I have a document type "foo" with an array of nested documents called "properties". I want to find any "foo"s that have duplicate entries in the "properties" array.
e.g. given two "foos":
"foo1": { "properties", [ { "display": "prop1"}, {"display": "prop2"} ]
and
"foo2": { "properties", [ { "display": "prop1"}, {"display": "prop1"} ]
I'm trying to construct a search that returns "foo2" but not "foo1" (foo2 has two properties with a display field of "prop1").
I know how to get counts of all values across all documents. But I can't figure out how to create a buckets array per top level document.

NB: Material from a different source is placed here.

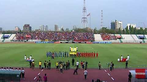17h55': Hai đội bước ra sân và làm nghi thức chào cờ.

i.e. when I issue this query
GET /7/_search
{
    "size": 0,
    "query": {
        "match_all": {}
    },
    "aggs": {
        "prop_counts": {
            "nested" : {
                "path": "properties"            
            },
            "aggs": {
                "inner_prop_counts": {
                    "terms": {
                        "field": "properties.display",
                    "size": 1000
                    
                    }
                }
            }            
        }    
    }
}
I get results across all the top level documents:
{
   "took": 24,
   "timed_out": false,
   "_shards": {
      "total": 5,
      "successful": 5,
      "failed": 0
   },
   "hits": {
      "total": 764,
      "max_score": 0,
      "hits": []
   },
   "aggregations": {
      "prop_counts": {
         "doc_count": 35754,
         "inner_prop_counts": {
            "doc_count_error_upper_bound": 0,
            "sum_other_doc_count": 0,
            "buckets": [
               {
                  "key": "name",
                  "doc_count": 3788
               },
               {
                  "key": "type",
                  "doc_count": 3192
               },
               {
                  "key": "family",
                  "doc_count": 2228
               },
               {
                  "key": "offset",
                  "doc_count": 2202
               },
              ....
How can I get a set of results that is limited to each top level document? And then how do I filter that result to just give back results where doc_count > 2?
Any help greatly appreciated.
Thanks,
John H